Create an index of Fandom.com and TVtropes.org then connect them. * TODO * Tutorials/Docker Postgres with Backup and Restore * Docker Traffic Through VPN * Merge SQLite databases * Minio Tutorial * S3 Backup and Restore * Nats Tutorial * Scrape some fandom sites and store them as sqlite databases * Share code with other people * Update docker networking tutorial * Scope out 2.0 Scraper * Use NATS pub sub + job queue * Use a networked database, so no sqlite * Store the images of pages in object storage * Have other scraping engines such as selenium and puppeteer * Use VPN and other proxies * Upgrade proxies to be changeable via pubsub * Customised Scraper * Develop UI for contextual annotation * What is this contextual annotation and how does it relate to question engine, that needs to be written out

Logs

2023-04-09
- We need to store the links
- Well we don't know if they are in the database or not
- There are a fuck tone of links
- We do not care about optimization until later
- Alright but can't we use the full_url as the primary key
- Ohhhhhhh that needs to be written down somewhere
  - Well we can do that, what would we need to change
  - We would need to change the insert and stuff
  - This is just far more efficient
  - Can we do join's on strings
  - Why not
  - It is easier than doing a select check for everything
  - YES FAR EASIER
  - Alright let's do it
- Done, it's now doing the recursive scraping
- Wonderful what's next
- Next is to do the network stuff
- Oh yes, wireguard or openvpn
- It would be cool to do wireguard
- Let's find a tutorial
- Wait this is a separate tutorial
- Yes, yes it is
- So IDK if I am scraping correctly, I am extracting all parts of the URL, I think is is compartamentalized well enough
- I should be reading right now
2023-04-06
- Well I just lost all those logs RIP
- Gotta remember to git stash
- So where were we
- We have the scrape URL file finished
- Yes what comes after that?
- Now we need to actually scrape it, then we need to have a session where we delete the scraped, add the log
- Next we need to scrape, upload contents, then delete scrape, add log
- That seems doable
- So how are we supposed to do the jobs?
- I mean extract the URL's
- Is this going to be a separate job
- Yes it is obviously a separate job
- So how does the system know when to do it?

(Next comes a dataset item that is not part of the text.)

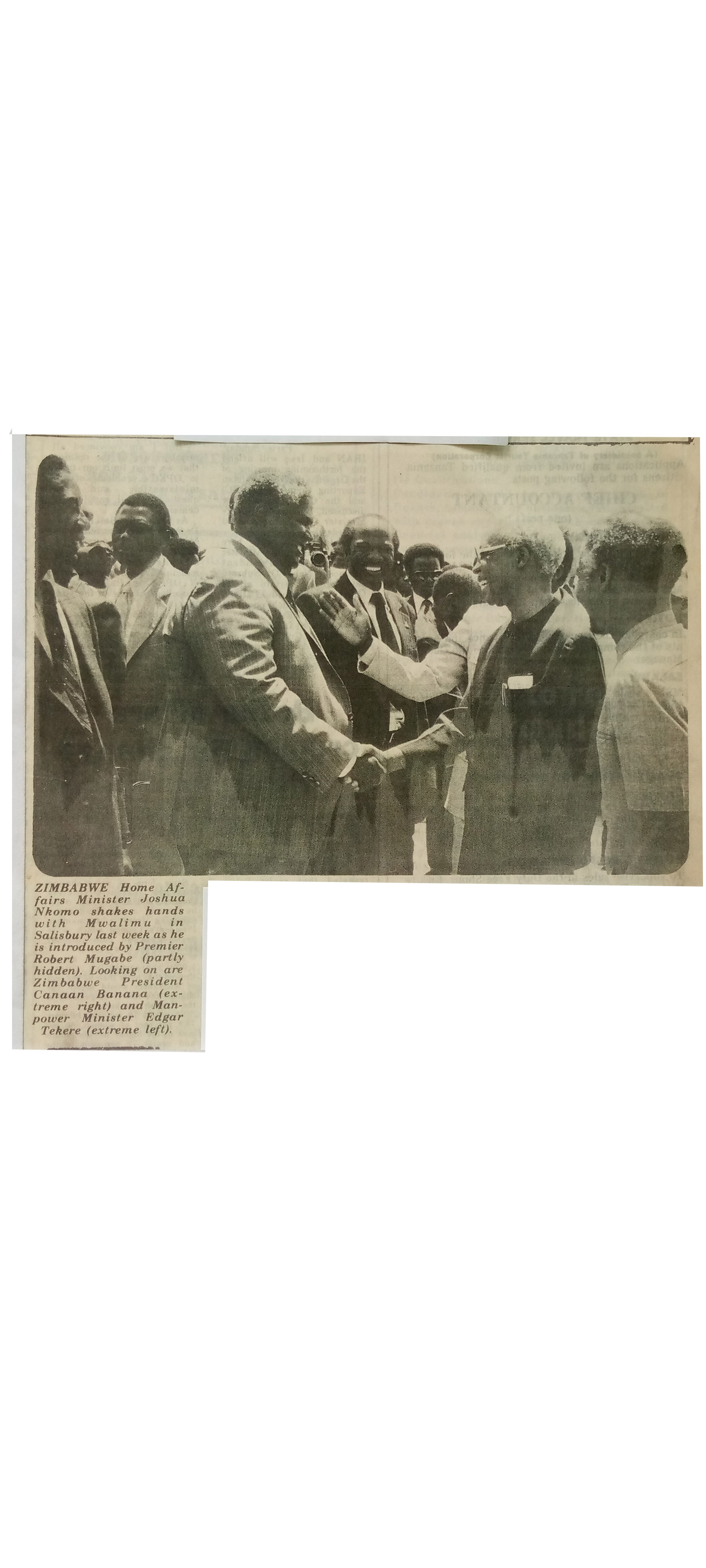 Zimbabwe Home Affairs Minister Joshua Nkomo shakes hands with Mwalimu in Salisbury last week as he is introduced by Premier Robert Mugabe.

- There are the we have the job logs, we have the scraping queue
- Are we renaming it job queue?
- Ya, then we can add another type of job
- This is where callback functions come in doesn't it
- YES
- We can just store it in the HTML contents
- No we store it in the logs, cause the contents can be object storage
- Do we want to practice JSON in sqlalchemy
- No we should do that in the tutorial
- Alright so how do we do this
- We append the logs with a links_extracted boolean
- Sure why the fuck not
- And we do string
- Do we want to jump to jobs server now?
- No we want to know how to do this single threaded
- Then we can do jobs and stuff
- So the next thing to do would be what exactltly?
- Alright so what would the next thing be?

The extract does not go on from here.